Quasi-classical molecular dynamics
Quasi-classical molecular dynamics (also known as quasi-classical trajectories (QCT)) accounts for the zero-point energy (ZPE) in contrast to classical dynamics and is very popular in studying chemical reactions (see, e.g., works by Houk et al. in PNAS 2012, 109, 12860 and J. Am. Chem. Soc. 2023, 145, 14446). In this tutorial, we show how to perform such simulations on an example reproducing the above PNAS paper. See also related tutorial on MD.

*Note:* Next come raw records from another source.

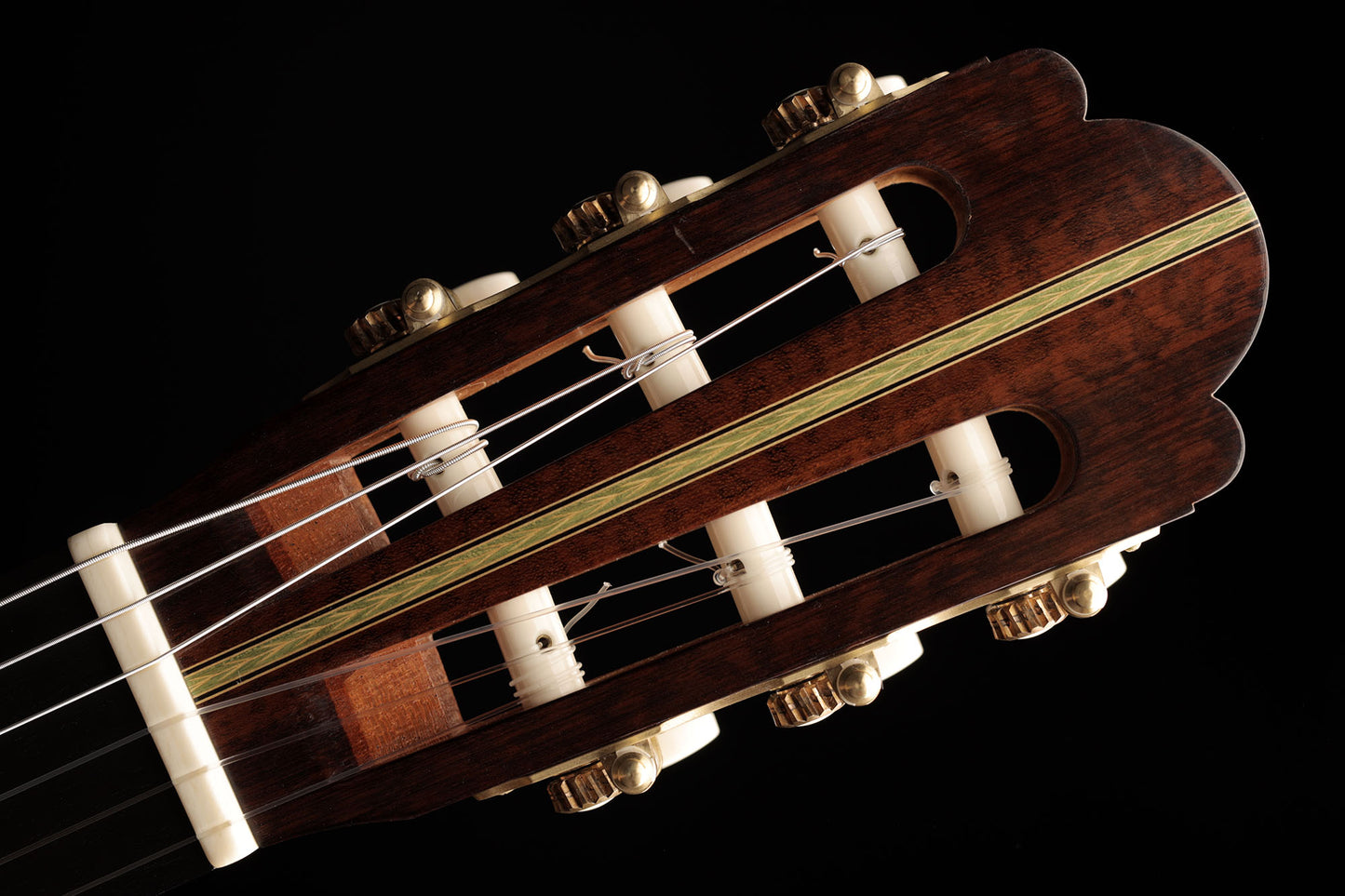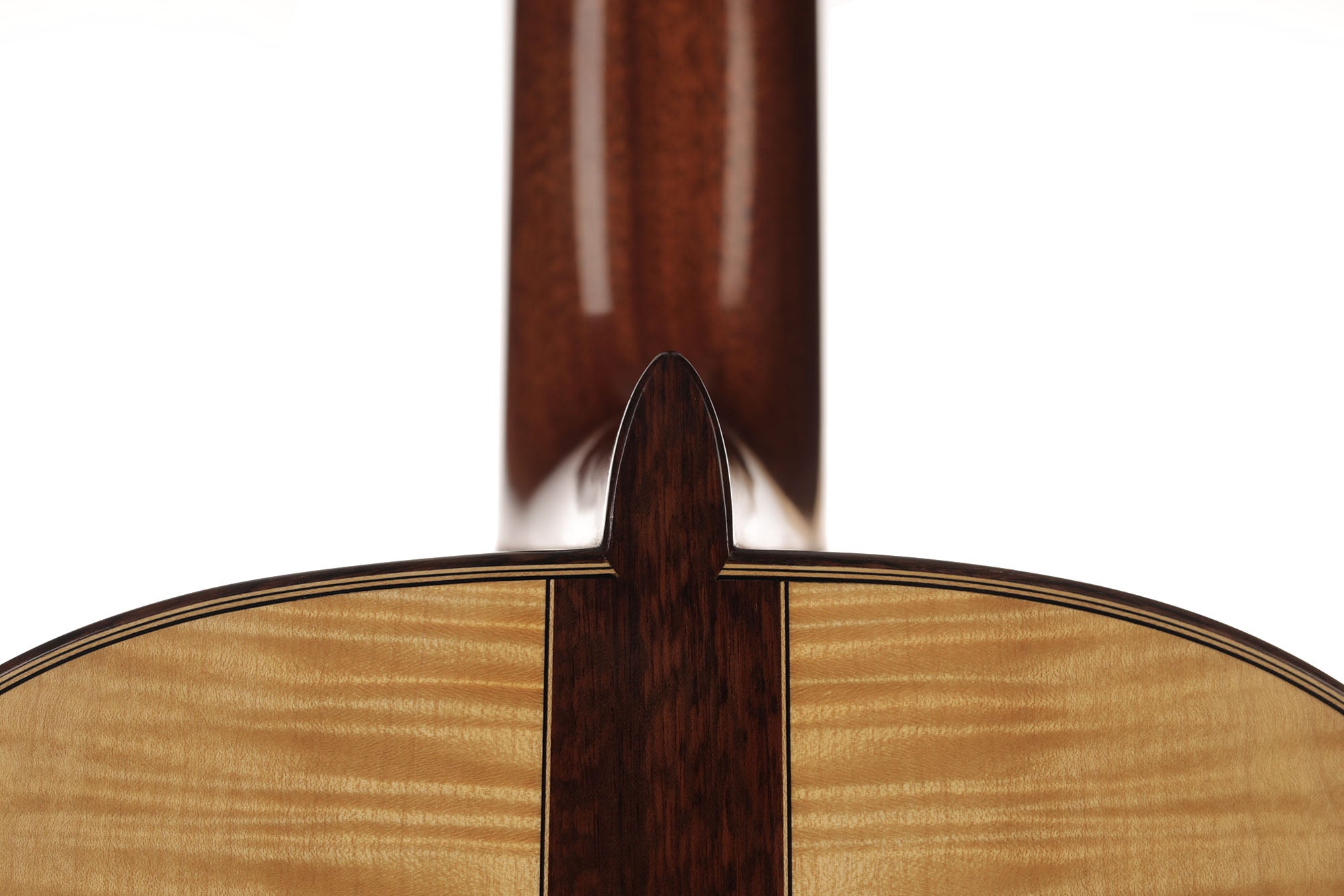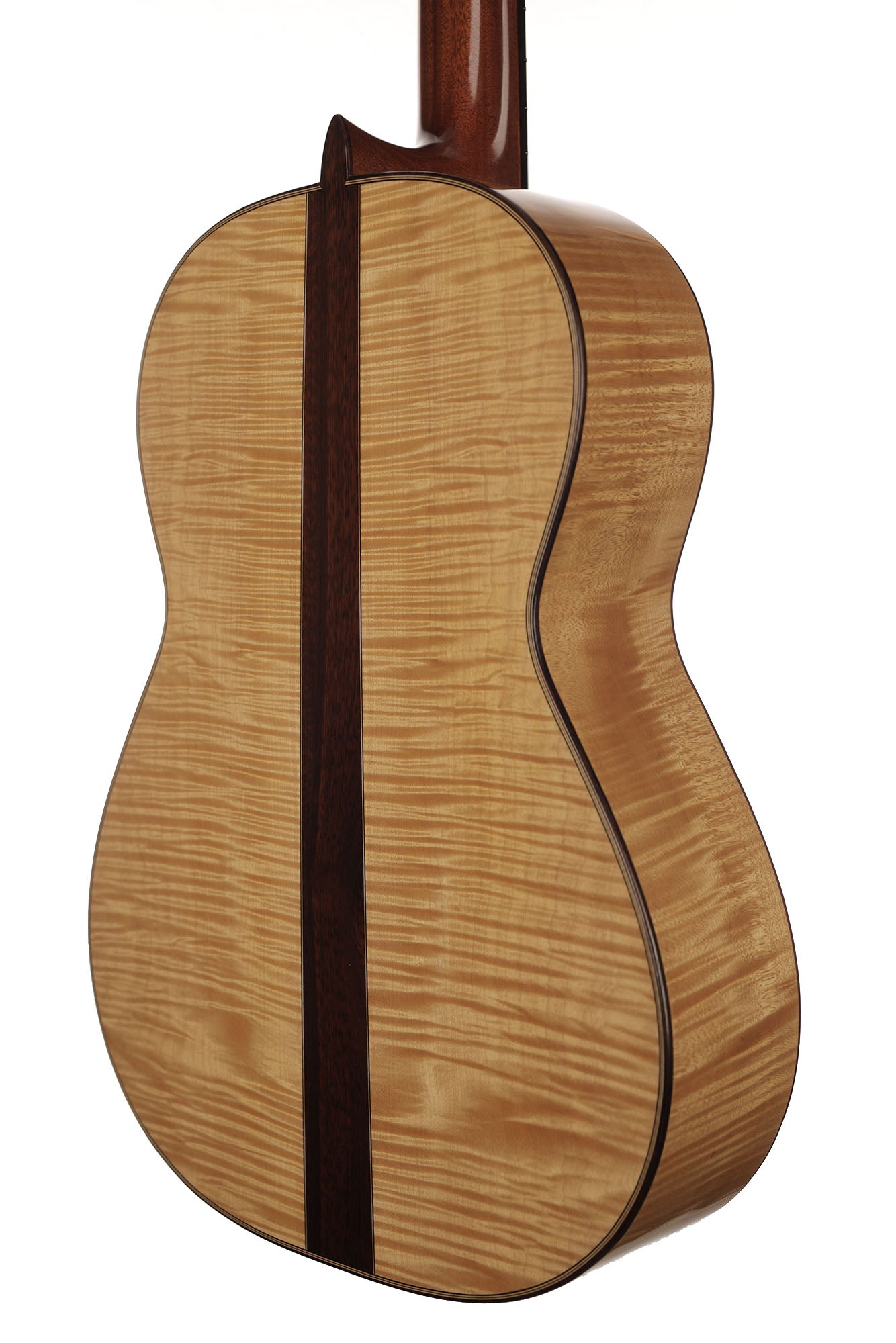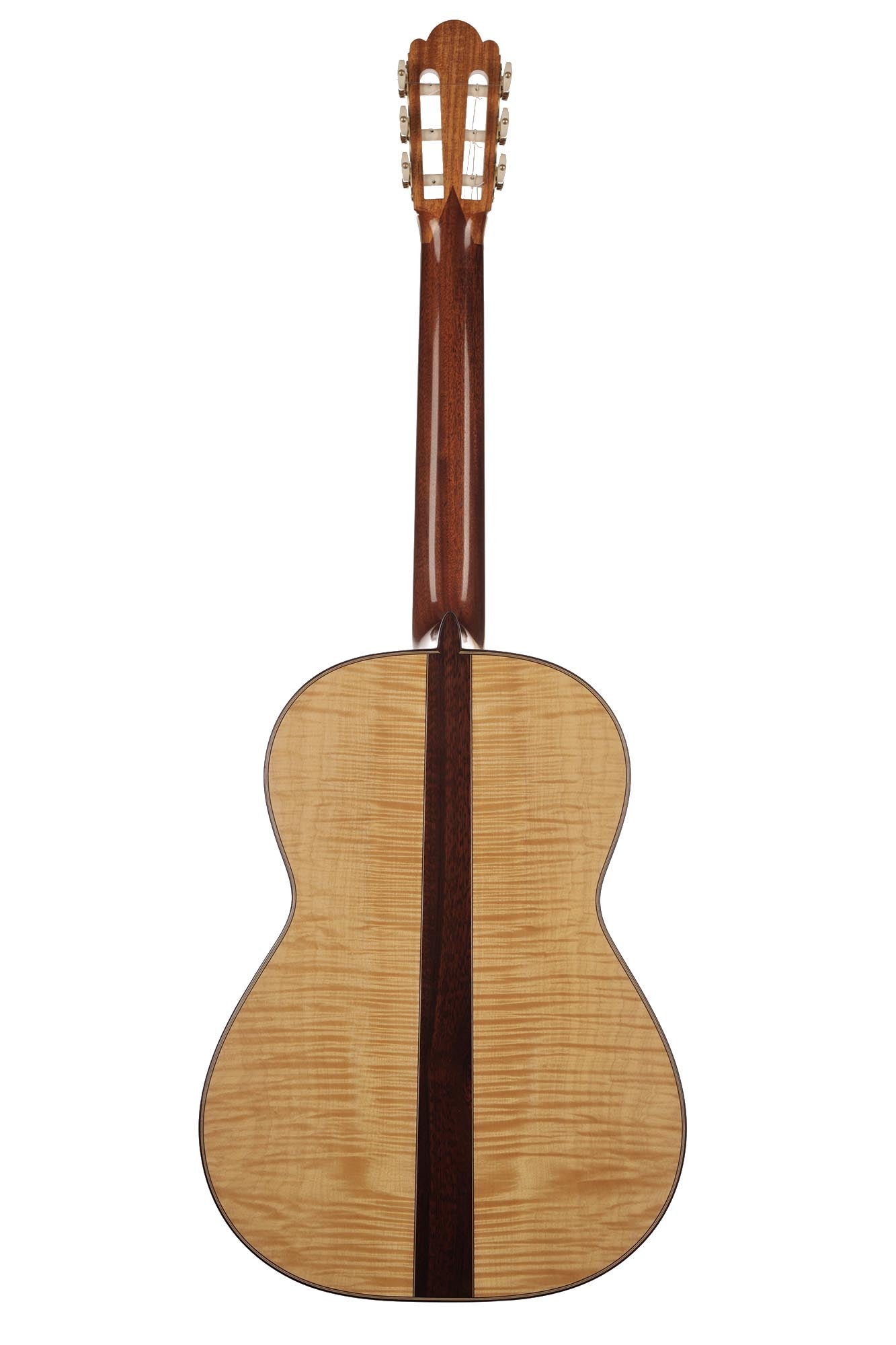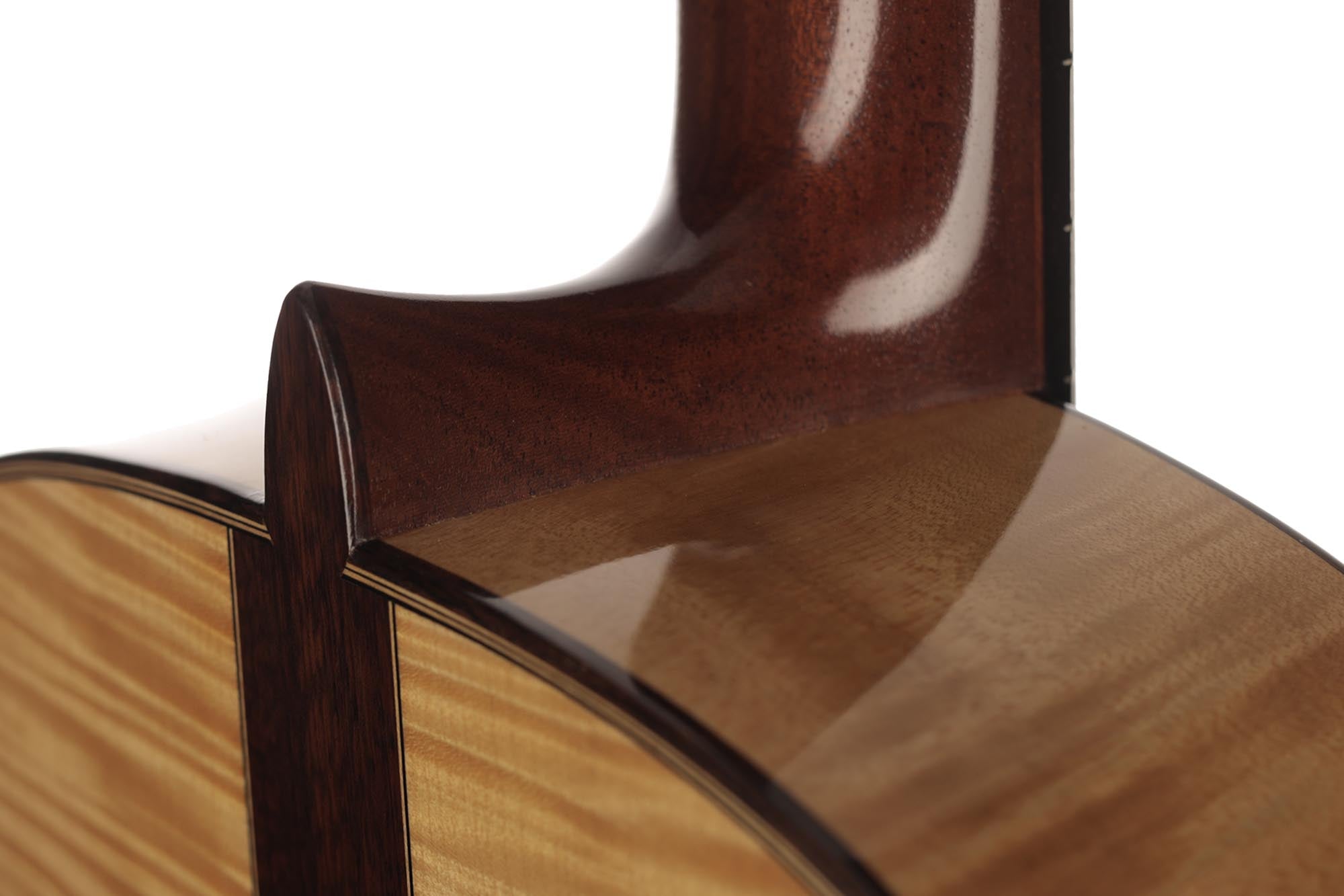 What a gorgeous guitar. It is a striking evidence of Fritz Ober's deep understanding of the instruments of Antonio de Torres as well as of his own artistic and aesthetic genius. Indeed, there are many construction details in this instrument that are reminiscent of the two masters. These combine with the unmistakable taste of Fritz Ober, symbolized for example by the 3-piece maple and snakewood back. The contrasts of shapes and colours make this instrument particularly captivating. For example, Fritz Ober chose two slightly different coloured woods for the neck and the head, underlining the geometric beauty of the "V"-shaped headjoint and proving once again the perfection of his work.
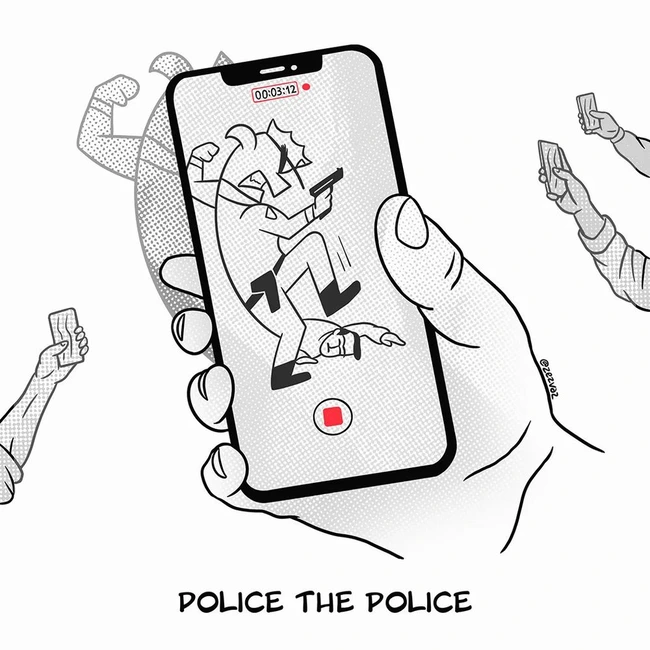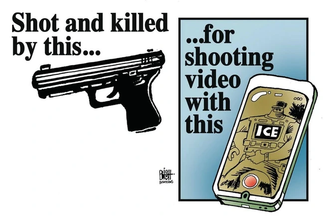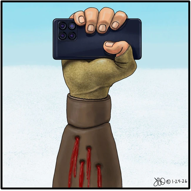 Vaz offers a more cartoonish image, while making a play on words, then buttresses the statement by adding several phones beyond the one at center, and I’d note that he’s not depicting Pretti’s phone but someone taping the assault, which brings us back to Pett’s statement and Walz’s advice about collecting evidence.
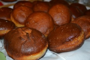 – z wyrośniętego ciasta formujemy pączki (aby ciasto nie przyklejało się do palców, można umoczyć palce w ciepłym smalcu) – do środka wkładamy marmoladę (najlepiej różaną) – i odstawiamy do wyrośnięcia. Pączki przykrywamy ściereczkami, a nawet lekkim kocykiem.
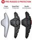 - Body-mapped, impact-absorbing SmartFlex pads are flexible in use and harden on impact providing superior protection
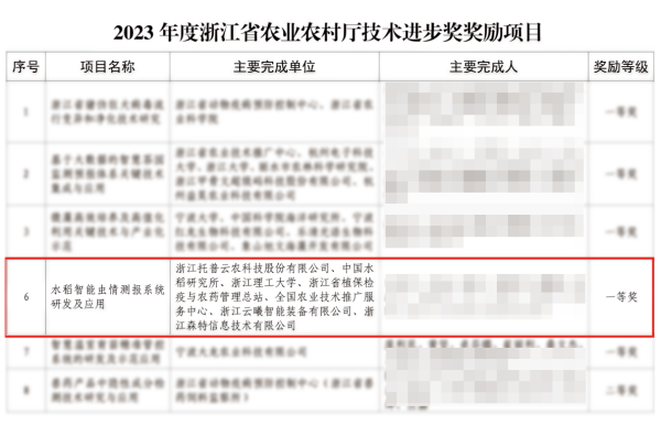 近日,加快建設(shè)創(chuàng)新浙江因地制宜發(fā)展新質(zhì)生產(chǎn)力動(dòng)員部署會(huì)暨全省科學(xué)技術(shù)獎(jiǎng)勵(lì)大會(huì)在杭州舉行。大會(huì)公布并表彰了2023年度浙江省科學(xué)技術(shù)獎(jiǎng)。其中,由浙江托普云農(nóng)科技股份有限公司(股票簡稱:托普云農(nóng),股票代碼:301556)牽頭完成的《水稻智能蟲情測(cè)報(bào)系統(tǒng)研發(fā)及應(yīng)用》成果榮獲2023年度浙江省科學(xué)技術(shù)進(jìn)步獎(jiǎng)三等獎(jiǎng)。這是該項(xiàng)成果繼榮獲“2023年度浙江省農(nóng)業(yè)農(nóng)村廳技術(shù)進(jìn)步獎(jiǎng)一等獎(jiǎng)”之后斬獲的第二個(gè)重磅獎(jiǎng)項(xiàng),充分展現(xiàn)了托普云農(nóng)在農(nóng)業(yè)科技創(chuàng)新領(lǐng)域的卓越實(shí)力。
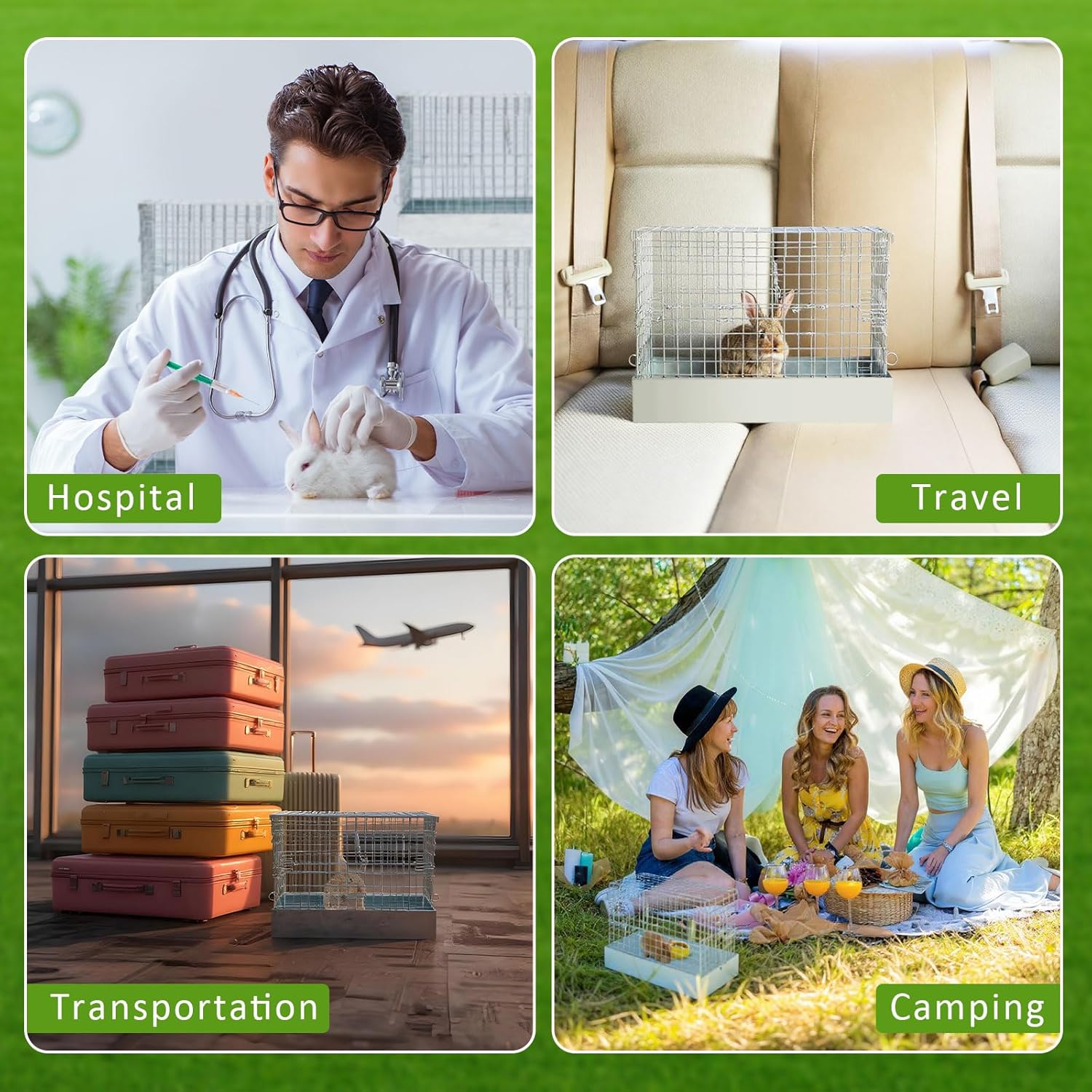 - Rabbit Cage Set: this no-divider rabbit cage offers an open layout, giving your bunny plenty of space to stretch, move, and relax during travel or temporary housing. Ideal for single rabbits or bonded pairs, the open compartment design makes it easy to monitor your pet and reduces stress during transport

The implementation details are given in the following work (please cite it alongside other required citations when using this feature):
Yi-Fan Hou, Lina Zhang, Quanhao Zhang, Fuchun Ge, Pavlo O. Dral. Physics-informed active learning for accelerating quantum chemical simulations. arXiv 2024, DOI: 10.48550/arXiv.2404.11811.
Background
The key to performing QCT is to make sure that the initial conditions (geometries and velocities) contain the required ZPE. MLatom supports two normal mode sampling methods of generating such conditions:
Wigner sampling (see Eq. 20 in the corresponding paper), sampling only from the lowest vibrational level. It is also widely used in surface-hopping dynamics and spectra generation
sampling from the harmonic quantum Boltzmann distribution (implemented following this work, also called “thermal sampling” in the manual to its early implementation in the VENUS program). In contrast to Wigner sampling, it samples from higher vibrational levels. This sampling is commonly used for performing QCT investigation of transition states: for all the real normal modes that are perpendicular to the reaction coordinate, the quantum number \(n_{i}\) of normal mode \(i\) is first sampled from a harmonic quantum Boltzmann distribution:
\(p(n_{i})=e^{- n_{i} h v_{i} / k_{\text{B}} T} (1 - e^{-h v_{i} / k_{\text{B}} T})\)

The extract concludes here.